Nino Burdschanadse: Wir haben dazu ein Gesetz verabschiedet. Wie in den USA wird derjenige wieder auf freien Fuß gesetzt, der das entwendete Geld zurückgibt. Wir haben nicht die Absicht, alle korrupten Georgier ins Gefängnis zu stecken. Wenn man in Georgien alle, die am Korruptionssystem beteiligt waren, inhaftieren wollte, müsste man fast die Hälfte der Beamten und Politiker einsperren. Das wollen und können wir nicht.

Das Parlament: Wie reagieren die Menschen darauf?

Nino Burdschanadse: Wir Georgier sind ein merkwürdiges Volk. Vor der Wahl waren alle sauer, dass Schewardnadse die Korruption nicht bekämpft und niemanden verhaftet hat. Als wir an die Macht kamen und begannen, die Verbrecher festzunehmen, wurden wir deswegen kritisiert. Jetzt reden wir nicht mehr allzu laut darüber. Sicher ist jedoch, dass wir der Korruption einen tödlichen Schlag versetzt haben.

Das Parlament: Welche Rolle soll das Parlament spielen?

Nino Burdschanadse: Ich habe es abgelehnt, die Stelle des Ministerpräsidenten zu übernehmen, weil ich es enorm wichtig finde, das Parlament zu stärken. Seit der Revolution stellen wir die Regierung und verfügen über eine klare Mehrheit im Parlament. Genau das ist aber eine Gefahr für uns. Wir alle kommen aus derselben Mannschaft, der Präsident, die Parlamentspräsidentin, die Regierungsmitglieder. Wenn wir nicht selbstkritisch unsere eigene Politik betrachten, wird der Staat darunter leiden. Das Parlament ist am besten geeignet, eine gewisse Distanz zur Regierung zu wahren, als Kontrollinstanz zu fungieren. Präsident Saakaschwili unterstützt mich dabei.

Das Parlament: Wie kann der Konflikt mit Südossetien gelöst werden?

Nino Burdschanadse: Das Volk und die Regierung Georgiens wollen diesen Konflikt friedlich beilegen. Präsident Saakaschwili hat Südossetien eine Autonomie-Lösung angeboten. So sollen die Osseten in der Schule in ihrer Muttersprache unterrichtet werden. Außerdem bieten wir ihnen nicht nur auf der regionalen Ebene eine Teilhabe an der Macht an, sondern auch auf der zentralen Ebene.

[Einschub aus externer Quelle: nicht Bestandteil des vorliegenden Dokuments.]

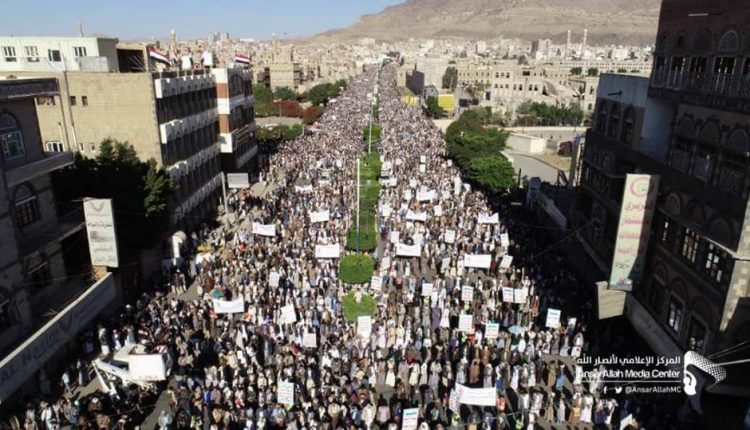 ويخرج اليمنيون،  غدا،  في مسيرة جماهيرية بالعاصمة صنعاء. والمحافظات الخاضعة تحت سيطرتها،  تحمل شعار “الحصار حرب”، في إشارة إلى أن استمرار حصار التحالف على اليمن يعتبره اليمنيون جزء من الحرب وأنهم يعدّون للرد عليه.
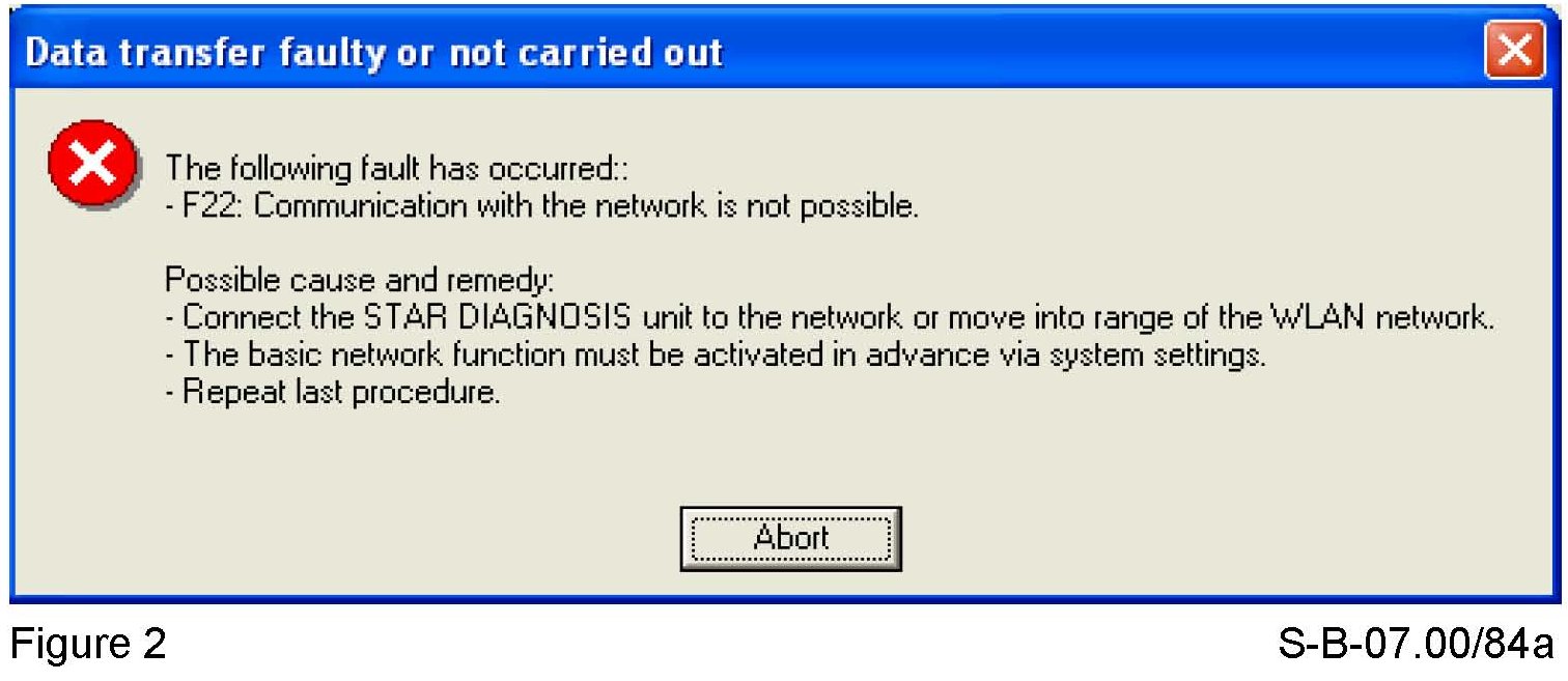 If you receive the below message box (Figure 2), it is because the control unit log has failed to transmit. This is because your Star Diagnosis System is not finding the internet through your network. Control unit logs can only be transmitted by SDS units which have access to the internet for SCN Coding. Please check your entire network settings on your SDS unit and attempt to retransmit the log using the procedure found later in this document. Control unit logs once generated are kept on the SDS unit until they are manually deleted.

Das Parlament: Soll es bestimmte Quoten geben?

Nino Burdschanadse: Nein. Ich bin grundsätzlich gegen Quoten. Ich wäre ungern Parlamentspräsidentin nur weil ich eine Frau bin. Wir wollen die Minderheiten schützen und mit ihnen die Macht teilen. Wir wollen aber keine Gegenreaktionen der Mehrheitsbevölkerung provozieren, sondern die Sicherheit der südossetischen Minderheit durch eine internationale Garantielösung gewährleisten. Wir wollen den Dialog. Aber wir sind nicht bereit, ewig zu warten, bis eine Handvoll Separatisten bereit ist, mit uns zu verhandeln. Deshalb bitten wir die internationalen Organisationen um Unterstützung. Wir sollten den Separatisten klar machen, dass es für sie keine andere Lösung als auf dem Verhandlungsweg gibt.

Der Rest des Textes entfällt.